Each peer has its own configuration file. It stores necessary parameters and defines dependencies on other peers in the system.


To perform some useful work you need to create and run an experiment.

Experiment is a set of running Peers and a Broker. Each peer can be identified by its assigned peer_id, thus allowing for launching multiple instances of the same peer.

Peer IDs, peer program paths and peer configurations are predefined in experiment definition file or scenario file*.

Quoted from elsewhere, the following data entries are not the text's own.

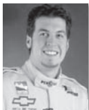
Sam Hornish, Jr. Race Car Driver
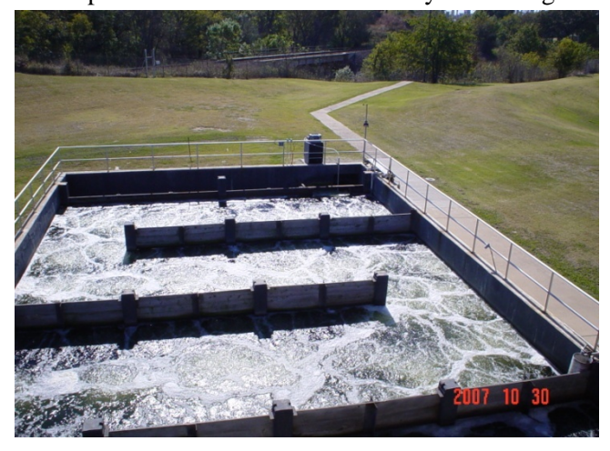
Ardmore Public Works Authority new chlorine contact basin.

enhancement for both programs. With crosscollateralization. excess CWSRF revenues (revenues pledged to repayment of CWSRF bonds over and above what is needed to make actual debt service payments) would be available to cure any DWSRF bond payment default or reserve fund deficiency (Appendix C). Likewise, excess DWSRF revenues would be available to cure any CWSRF bond payment default or reserve fund deficiency. Pursuant to federal regulations, collateralization support cannot extend to debt specifically issued for the purpose of providing state matching funds. The Master Trust Agreement provides adequate safeguards to ensure that future CWSRF or DWSRF bond issue will comply with this limitation.
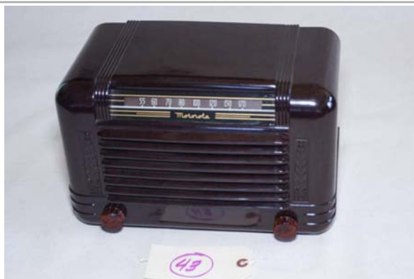
43. Motorola / 65X11-A AM set; 1946; 5-tube; Bakelite case; Coleman
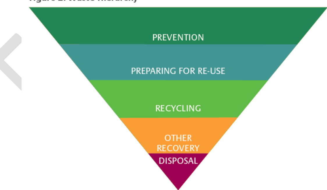
Figure 2: Waste Hierarchy

3.122.3.123. To minimise waste and pollution, and to reduce the impact of waste on climate change, we expect future developments to support the application of the waste hierarchy (Figure 2).
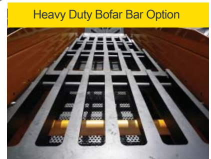
Heavy Duty Bofar Bar Option
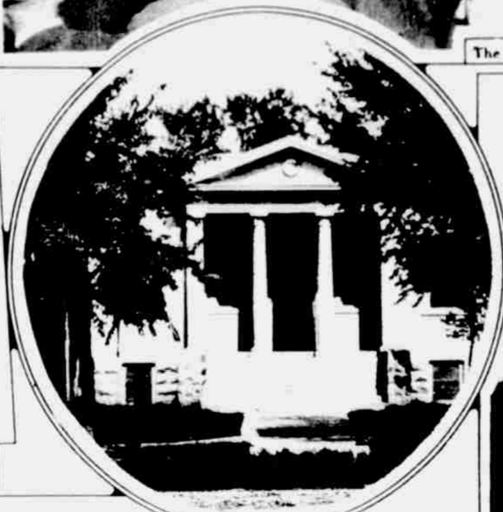
Public library, Albion
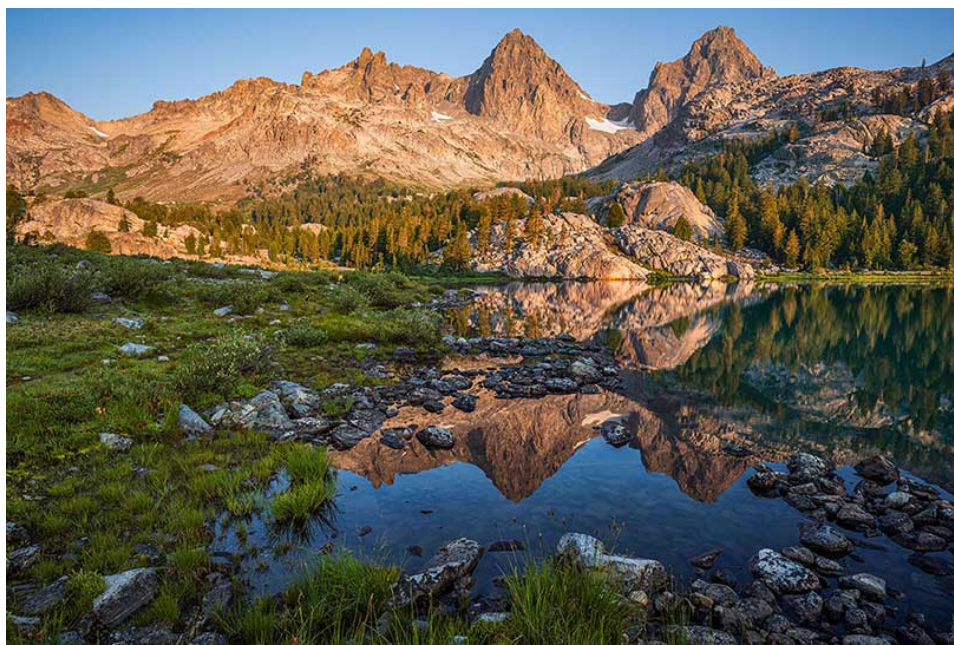
“Morning at Ediza Lake” by Chuck Zamites
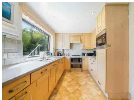
Harewood Road, South Croydon, Surrey, CR2 7AL
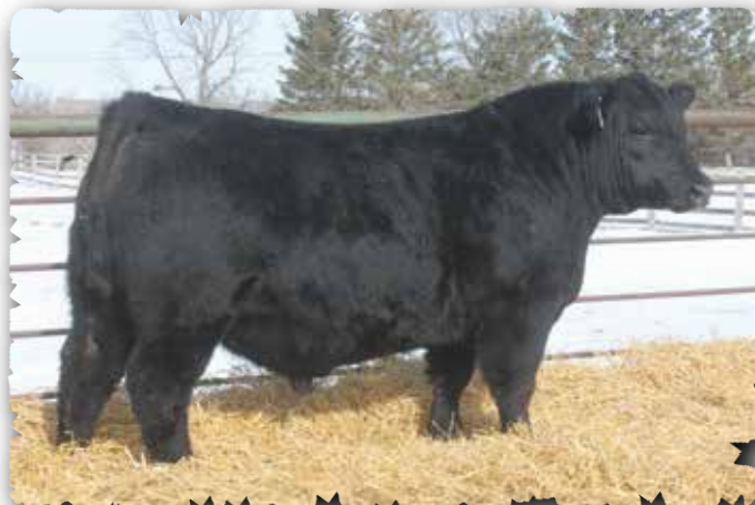
PEAK DOT MOSAIC 267M - LOT 110
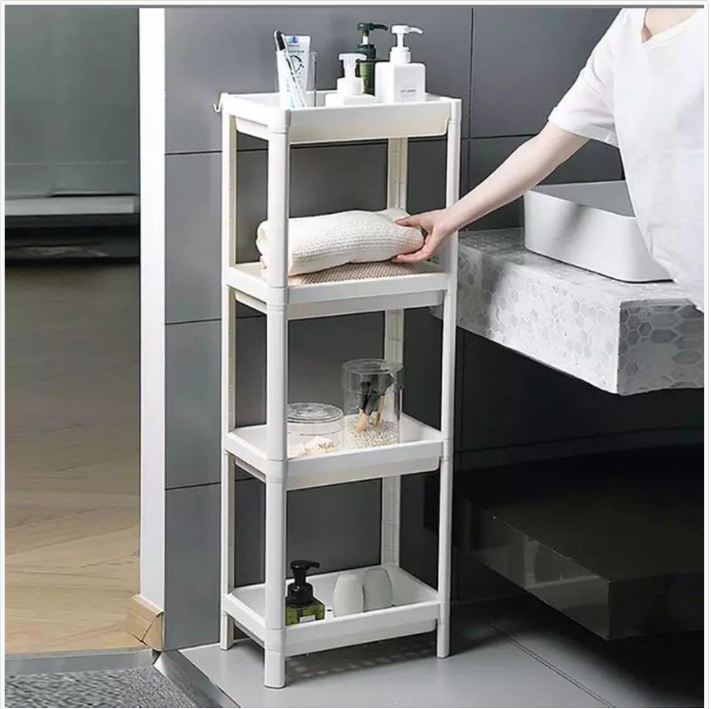
Image: The shelf in a bathroom corner, neatly organizing towels and other small items.
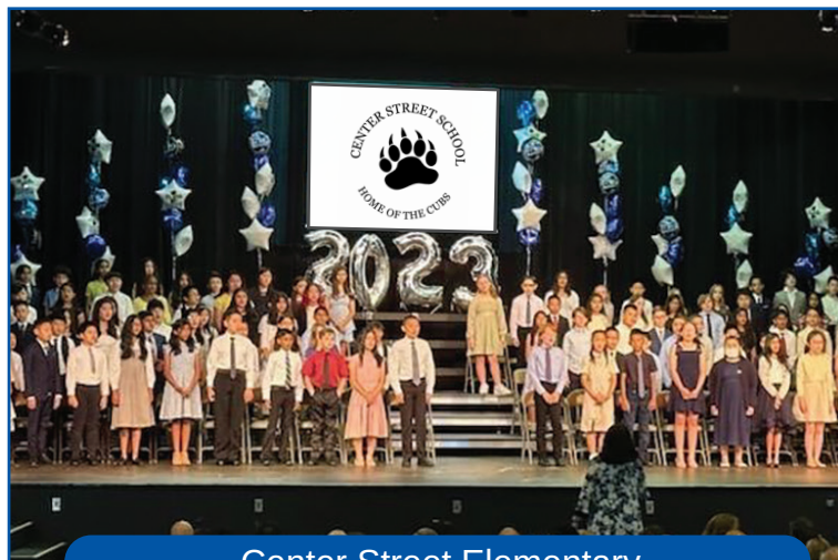
Center Street Elementary

Congratulations to all fifth and eighth grade students throughout the district who celebrated their moving-up ceremonies in June. Each ceremony included student reflections, inspirational words of wisdom from administrators and special guests and poignant musical selections. Concluding each ceremony, students were individually recognized to the applause of all in attendance. We wish our fifth and eighth grade students much success as they begin their next steps in Herricks!
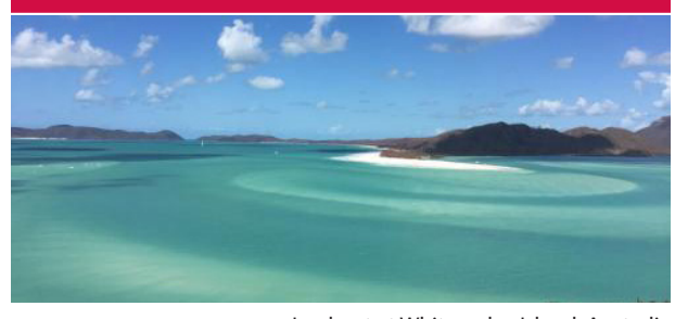
Lookout at Whitsunday Island, Australia

Walk the rainforest and snorkel the Great Barrier Reef! Australia's natural beauty is talked about worldwide. This ancient land is geologically one of the oldest on earth. The world's largest island and the only nation to occupy an entire continent, Australia is the size of the USA, yet has only 20 million people.
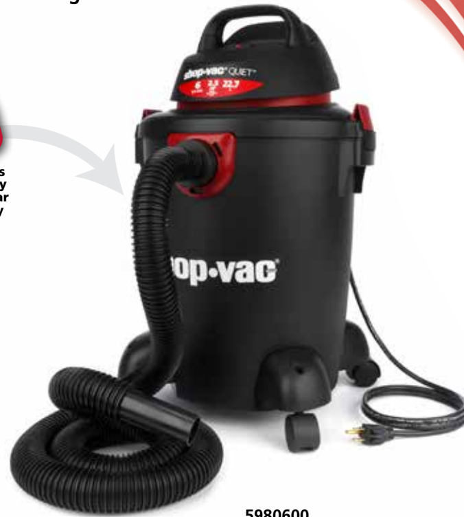
5980600 6 U.S. Gallons*, 22.7 Liters* 2.5 Peak HP†
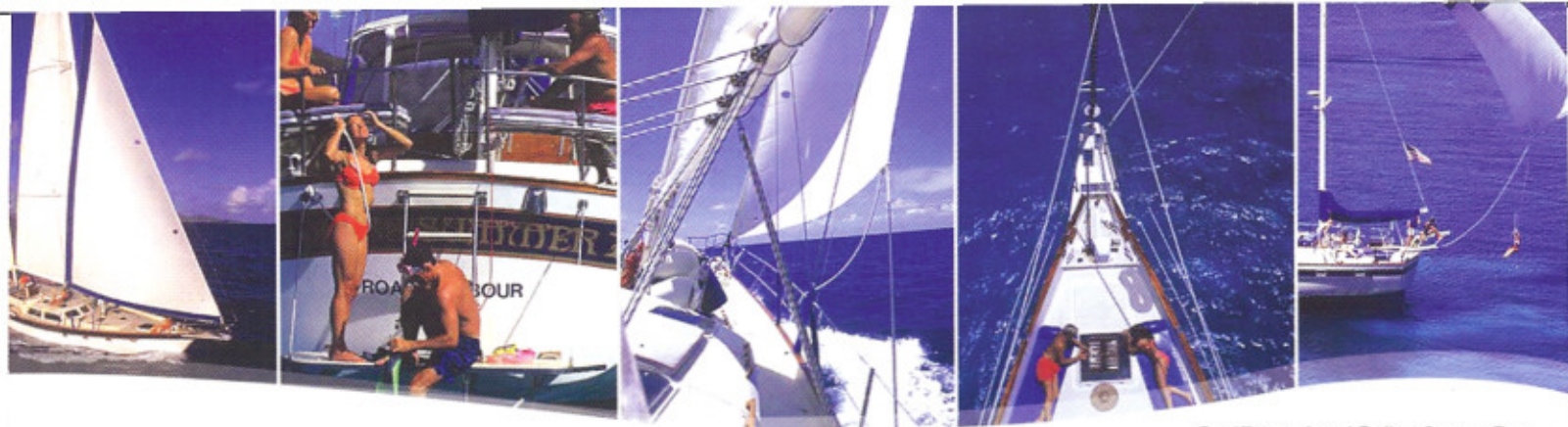
Good Time onboard Endless Summer Two
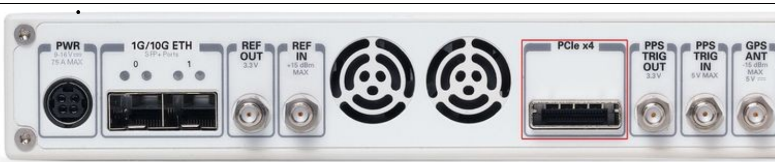
Figure 5: X310 Rear Panel with PCIe port emphasized.

The X310 has a PCIe x4 located on the rear panel of the device near the power input. This interface is labeled PCIe x4 (also referred to as a MXI connection when used with a PXI system)
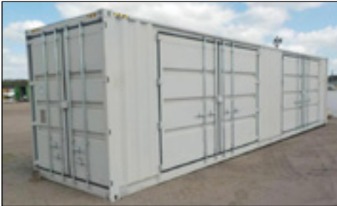
Unused 40' HC Container - choice
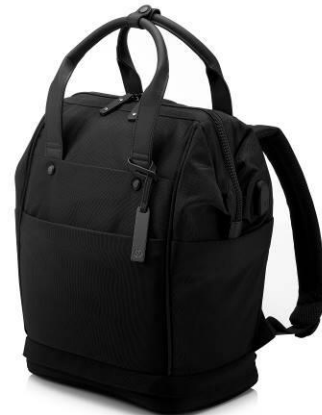
HP Convertible 14.1 Tote 5KN27AA
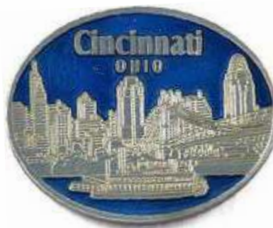
11077 Pewter Oval Magnet
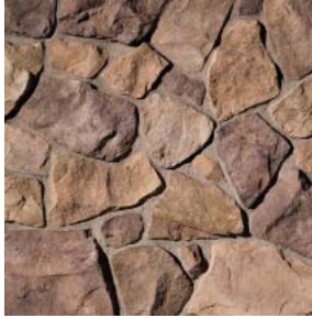
MILLSTREAM | Country Rubble
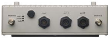
Lower Panel Connectors
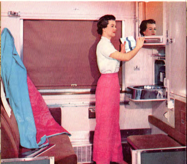
The convenient roomette was designed for economical Pullman travel.
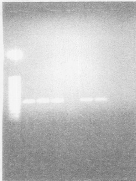
Fig. 2: Agarose gel (1%) analysis of RT-PCR amplified products of 5 UTR viral RNA: M is 50 bp DNA ladder (Promega, Cat. No. G 4521). Lane 1 is a positive control, lanes 2, 3, 5 and 6 are some represented positive samples, lane 4 is represented a negative sample and lane 7 is a negative control.
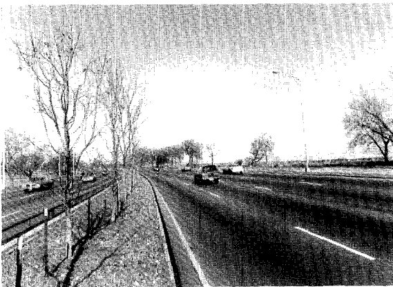
Figure 1. Narrow median planter along Lake Shore Drive, Chicago, with Lake Michigan in the right background. The planter is raised 0.8 m (2.5 ft) above the roadway.

Lake Shore Drive has eight lanes of traffic and a 65 km per hour (40 mph) winter speed limit. Four sites on the Drive were chosen to represent various roadway and median characteristics that might affect deicer application, dispersal, and deposition. Two sites were within a narrow, raised median

Experiment definition file is a text file for defining an experiment. It contains a list of peers, assignments of peer_id and paths to peer configurations.

OpenBCI commands

Following commands are available from command line:

  • obci srv - start OpenBCI Server
  • obci srv_kill - shutdown OpenBCI Server and all experiments it is running
  • obci gui - GUI for starting/stopping and monitoring experiments
  • obci launch - launch experiment by specifying scenario file
  • obci kill - shutdown OpenBCI experiment
  • additional --force flag shutdowns experiment immediately, peers hove no chance to react and finalize their work
  • obci info - display information about OpenBCI Servers and experiments running on current machine and on nearby hosts
  • obci report_error Show window for reporting error to Braintech.

New peer architecture

Peer and Broker derive from BasePeer class. BasePeer is derived from ZmqAsyncioTaskManager. ZmqAsyncioTaskManager is derived from AsyncioTaskManager.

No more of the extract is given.